Victoria Chang is the author of the new book of poems Barbie Chang. Her other books include the poetry collection The Boss and the children's picture book Is Mommy?, and her work has appeared in a variety of publications, including Kenyon Review and American Poetry Review. She lives in Los Angeles.
Q: How did you come up with the idea for Barbie Chang?
Q: How did you come up with the idea for Barbie Chang?
A: I wrote all these poems in first person initially. One
day, the name "Barbie Chang" popped into my head and I thought that
was funny, paradoxical, and frankly impossible because Barbie is the iconic
American dream female and a Chang, well, isn't.
I changed all the poems to third person with the character
of Barbie Chang and then I worked on the poems for another year--changing the
person really opened up the poems for me as a writer.
Q: Can you say more about the role you think Barbie plays in
societal assumptions and also in your collection?
A: As I mentioned above, she's the image of perfection. In
my mind, that image was never reality, and this has been changing but society
has been slow to change. And I suppose my book is a kind of exploration of
that, deconstruction of that.
Q: In a review of Barbie Chang in the Los Angeles Review of
Books, Kristina Marie Darling writes, “Victoria Chang’s new collection, Barbie
Chang, reveals, visibly and poignantly, the ways that ‘looking’ can be
symptomatic of what is most broken and dangerous in our culture.” What do you
think of that?
A: I think that this is a smart statement. That review was
very well-written and thought out. I think of this as the looking at women in
our culture as toxic--the objectification of women. And the idea of seeing is a
something I explore in this book too--how POC and women are often
invisible.
So it's this interesting paradox--POC and women want to be
seen, but most of the time, not in the ways that society and others see them.

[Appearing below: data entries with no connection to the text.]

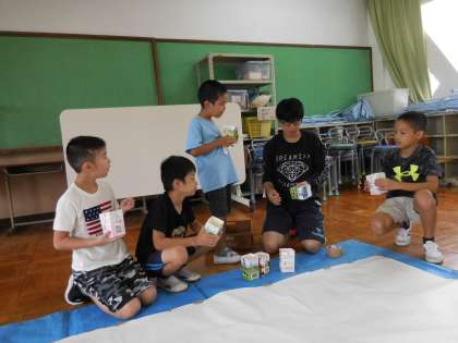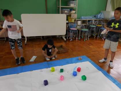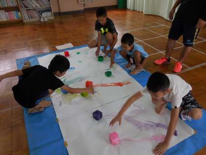 絵の具をといた水を前日に凍らせて、色水を氷にしました。子どもたちは大興奮で、「昨日と形が変わってる。」「冷たくて気持ちよい。」と触っていました。氷なので、触っていくうちに融け出し、「また水に戻ってきた。」と楽しんでいました。
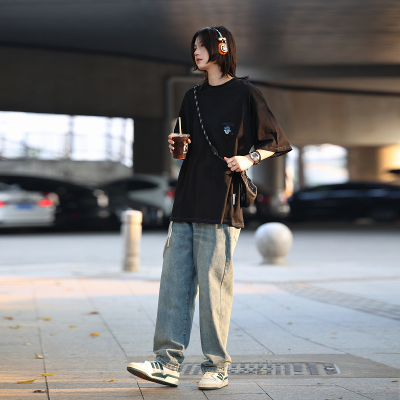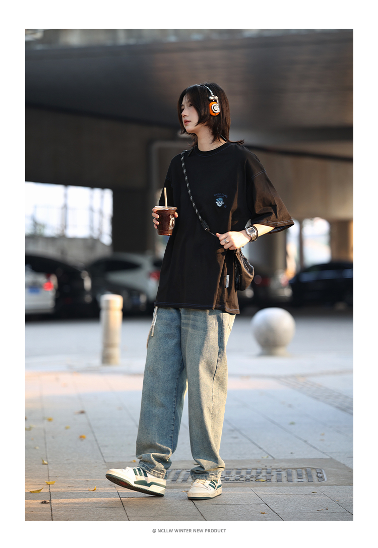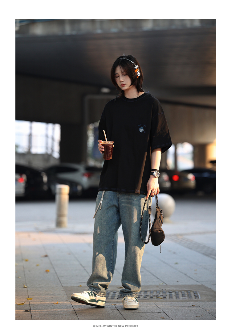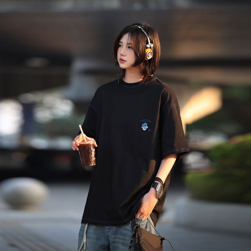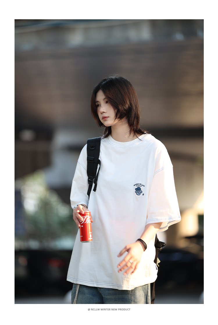 你初戀老王 日系簡約短袖t恤男潮流寬鬆半袖原宿風休閒百搭打底衫
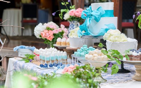 館内のどのお部屋からでも眺めることができる庭園では記念撮影はもちろん、デザートビュッフェもお楽しみいただけます。ナイトタイムにはキャンドルや提灯をともして幻想的な雰囲気も味わうことができます。
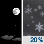 Temperature: 24°F Wind Speed: 5 mph Wind Direction: E Forecast: A chance of snow. Mostly cloudy, with a low around 24. |
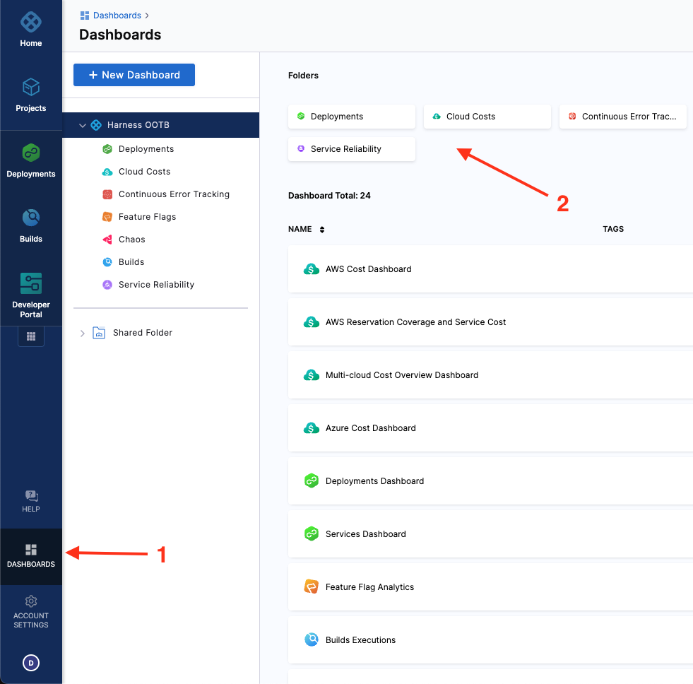 Dashboards is a Harness Platform Feature, that allows you to visualize key metrics and data related to your module. You can customize the dashboards to show specific metrics and data relevant to your needs, and access them from a central location. The Harness Dashboards provide actionable insights out of your IDP, so you can enable good developer experience in your org. Dashboards also allow you to set up scheduled delivery of reporting and alerts for your executives and stakeholders.
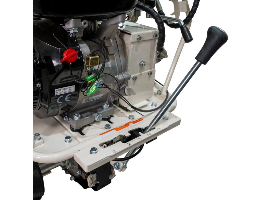 Zároveň má stroj tri prevodové stupne dopredu a jeden spätný prevodový stupeň, čo poskytuje zvýšenú manévrovateľnosť v úzkych priestoroch alebo v oblastiach s prekážkami.

I've been debating with some people on FB who think it is
their right to write from the perspective of anyone they want: "dogs,
horses, pilots," including the stories of POC.
This is also a problem of "looking" that Darling
talks about--who has the right to look, who has the right to tell these
stories, who has the stories? Well, we do. And that's how #ownvoices emerged on
Twitter.
Q: Barbie Chang includes two sections titled “Dear P.” How
do you see those parts of the collection connecting with the other poems?
A: The middle sequence of sonnets were older poems from
before my prior book, The Boss, in a manuscript I chose not to publish.
And the end Dear P. poems were written after I put the middle
ones in. I don't know why I put them in at the time, but in retrospect, I think
it was to complicate the manuscript that was all in the same form.
I think adding these made the book more expansive and
mirrored my own ideas about intergenerational racism and how racist views and
closed-mindedness get passed down from one generation to the next.
Q: What are you working on now?
A: A series of prose poems called OBIT. A few are online and
I've begun letting them out in the world. I'm almost finished, I think. They
are in the shape of obituaries and what I call a distillation of grief after my
mom passed away.
A: Well, gosh, I don't know. I am a generous person. I
like generous and loyal people. I can't stand competitive and jealous
people more than anything (and there are a LOT of those people in the literary
world). I like chumming around with people who lift each other up.
I can be very quiet and very passionate and outspoken at the
same time. I can change my mind in a heartbeat. I'm very pleased about how the
younger generation is breaking open the literary world/poetry on Twitter even
though initially I was afraid of them. I love change like this but can
also intellectually deconstruct it without getting emotional.
I am very ambitious for the work and as a woman, no
longer apologize for being ambitious for the work. In general, I am very
ambitious and no longer apologize for that either because I never see any men
apologizing and only see people cut down women for being so.
I am always interested in the new, the original, the
inventive, across all art forms and people. I'm sure there are lots of other
things about me and my writing that would interest only me, so I'll stop here.